## Task details
Verbatim transcription with images omitted: return the entries below in full.

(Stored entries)
---

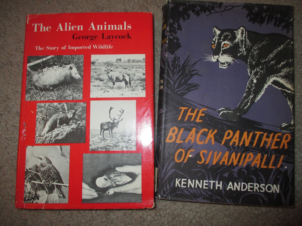 Picked up two cool, old, non-fiction books yesterday, George Laycock's The Alien Animals , and Kenneth Anderson's The Black Panther of Sivanipalli .
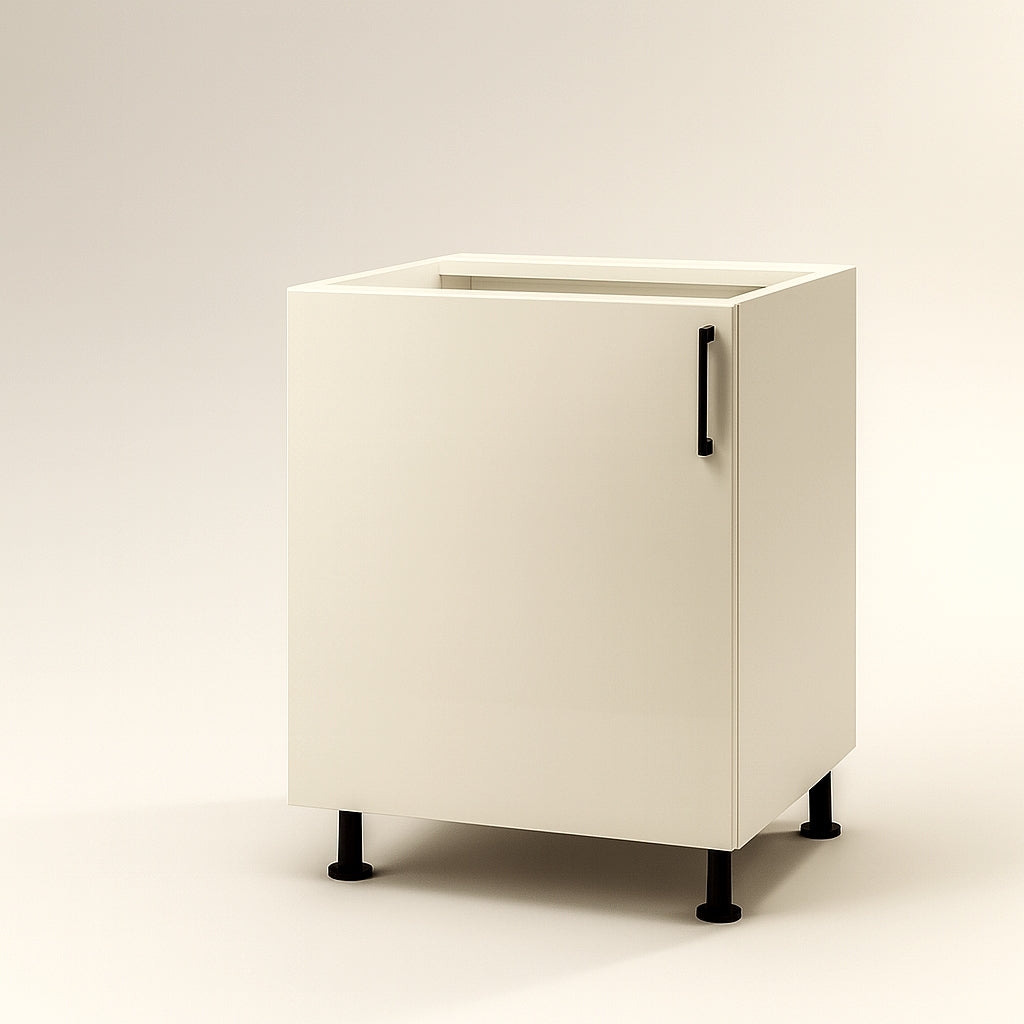 Corp de bucătărie cu ușă din MDF melaminat alb lucios, dimensiuni 86.2 x 45 x 52.8 cm. Construcție solidă cu carcasă din PAL melaminat alb neted Egger de 18 mm, balamale Blum Expando pentru deschidere silențioasă și rezistență sporită, picioare reglabile Hafele Axilo 78 și elemente de legătură Minifix Hafele. Design elegant și finisaj premium, ideal pentru bucătării moderne, cu durabilitate și funcționalitate de top.
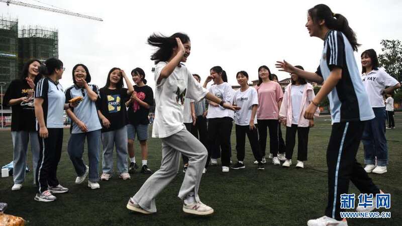 6月1日,在广西河池市都安瑶族自治县高级中学操场上,高三年级女生在玩游戏。新华社记者 张爱林 摄
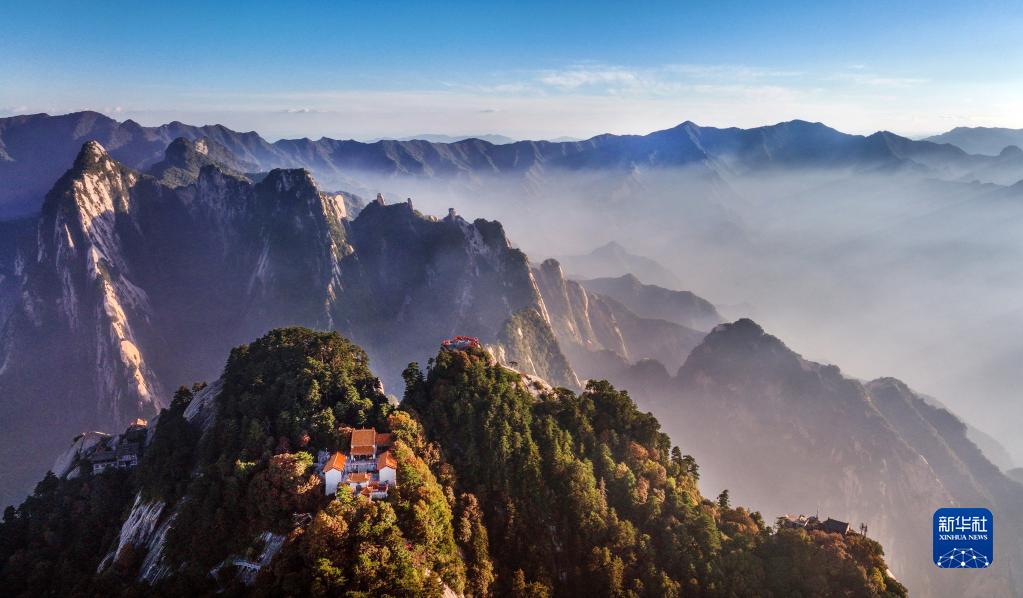 9月25日,夕陽(yáng)西下,雨后初霽的西岳華山,云霧縈繞,宛如仙境(無(wú)人機照片)。
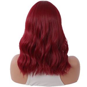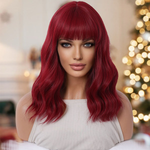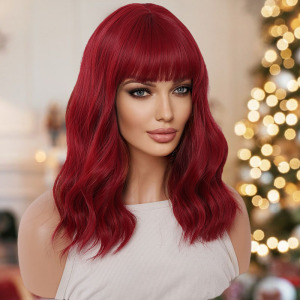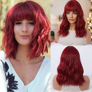 亚马逊跨境热销齐刘海酒红色羊毛卷短卷发蓬松化纤女士全头套假发
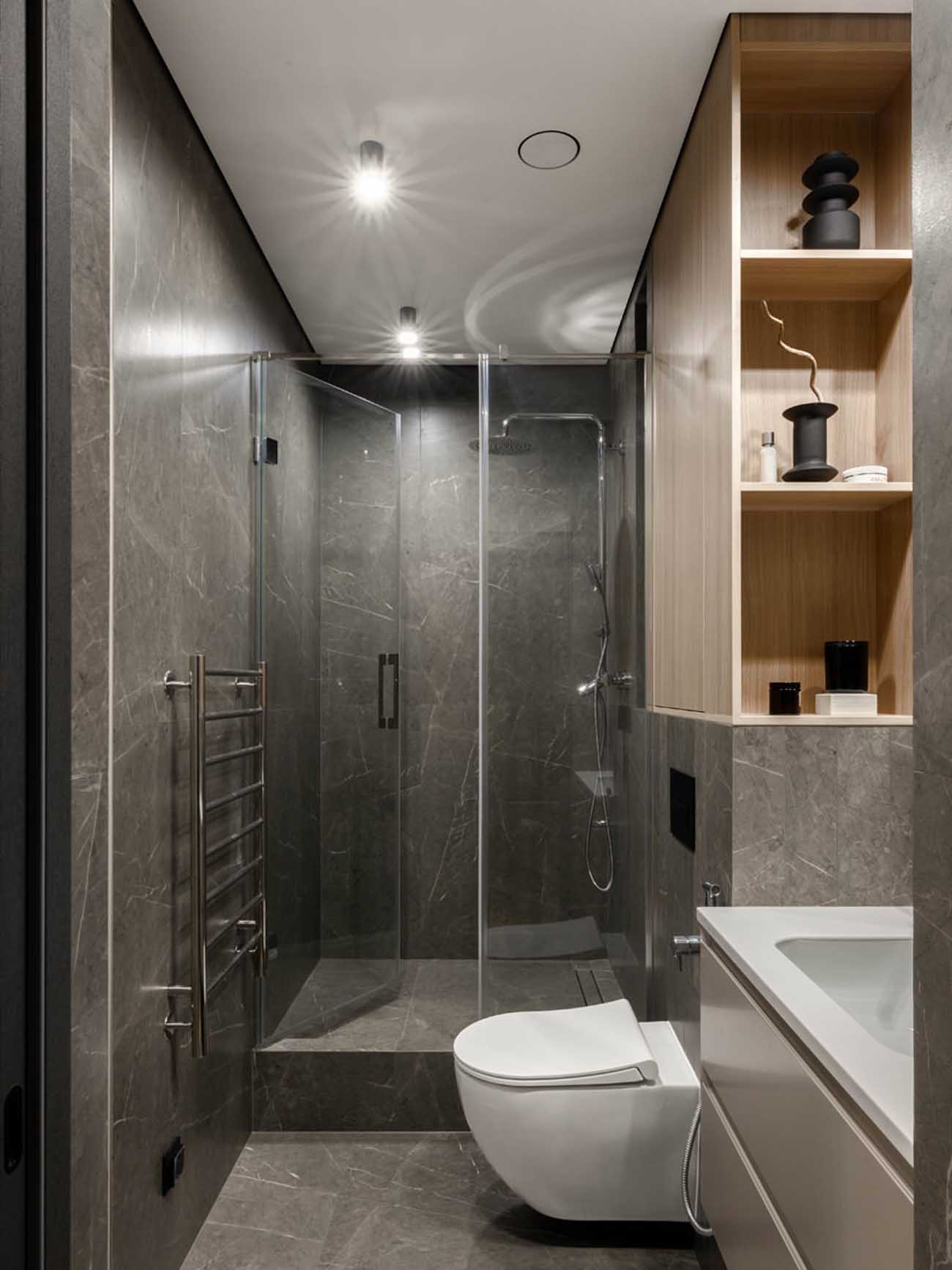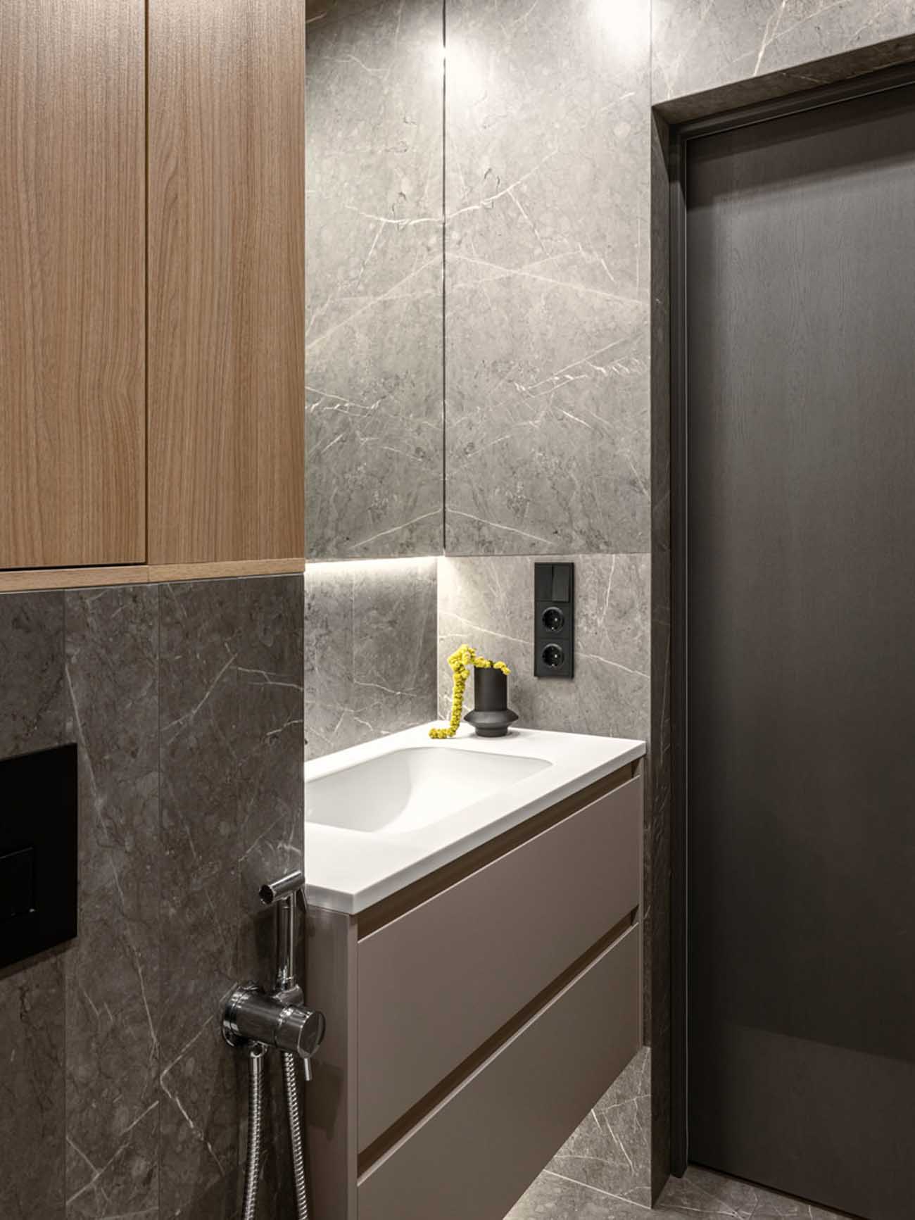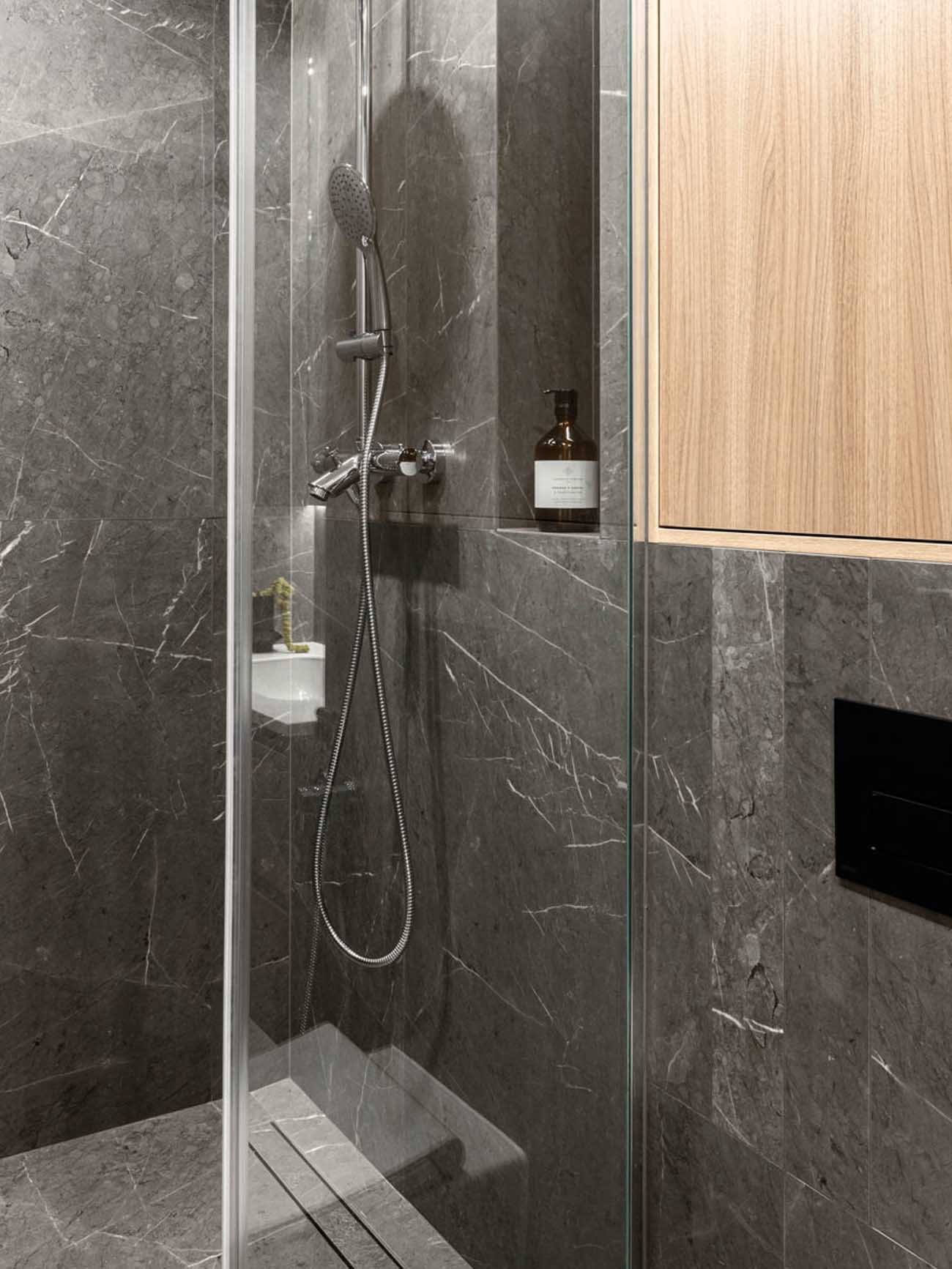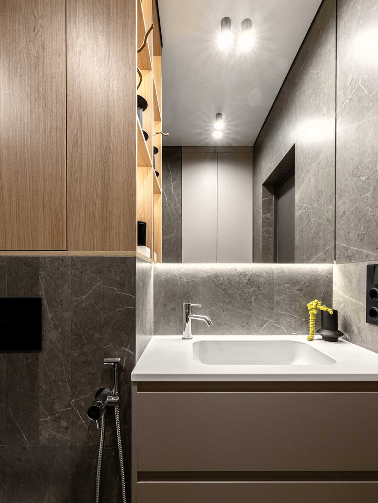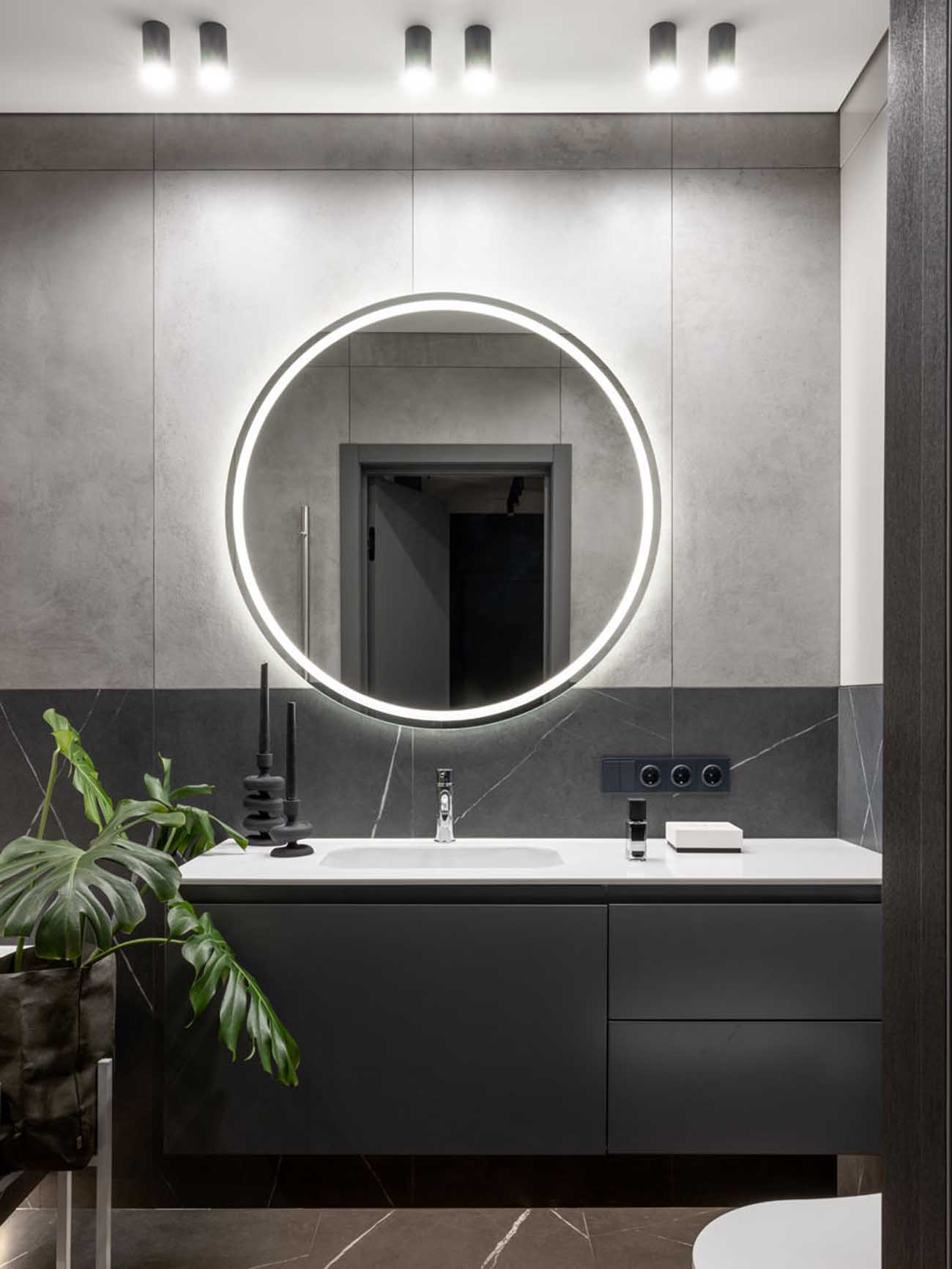A vizesblokkokban a drámaibb hatás érvényesül. A sötétszürke, márványhatású burkolatok és a betonhatású felületek modern, spa hangulatot árasztanak. A teret a nagy, kerek, háttérvilágítással ellátott tükör és a célzottan elhelyezett rejtett fényforrások lágyítják, kiemelve a szaniterek letisztult formáit és a fa elemek melegségét.

---

## Task answer
 Picked up two cool, old, non-fiction books yesterday, George Laycock's The Alien Animals , and Kenneth Anderson's The Black Panther of Sivanipalli .
 Corp de bucătărie cu ușă din MDF melaminat alb lucios, dimensiuni 86.2 x 45 x 52.8 cm. Construcție solidă cu carcasă din PAL melaminat alb neted Egger de 18 mm, balamale Blum Expando pentru deschidere silențioasă și rezistență sporită, picioare reglabile Hafele Axilo 78 și elemente de legătură Minifix Hafele. Design elegant și finisaj premium, ideal pentru bucătării moderne, cu durabilitate și funcționalitate de top.
 6月1日,在广西河池市都安瑶族自治县高级中学操场上,高三年级女生在玩游戏。新华社记者 张爱林 摄
 9月25日,夕陽(yáng)西下,雨后初霽的西岳華山,云霧縈繞,宛如仙境(無(wú)人機照片)。
 亚马逊跨境热销齐刘海酒红色羊毛卷短卷发蓬松化纤女士全头套假发
A vizesblokkokban a drámaibb hatás érvényesül. A sötétszürke, márványhatású burkolatok és a betonhatású felületek modern, spa hangulatot árasztanak. A teret a nagy, kerek, háttérvilágítással ellátott tükör és a célzottan elhelyezett rejtett fényforrások lágyítják, kiemelve a szaniterek letisztult formáit és a fa elemek melegségét.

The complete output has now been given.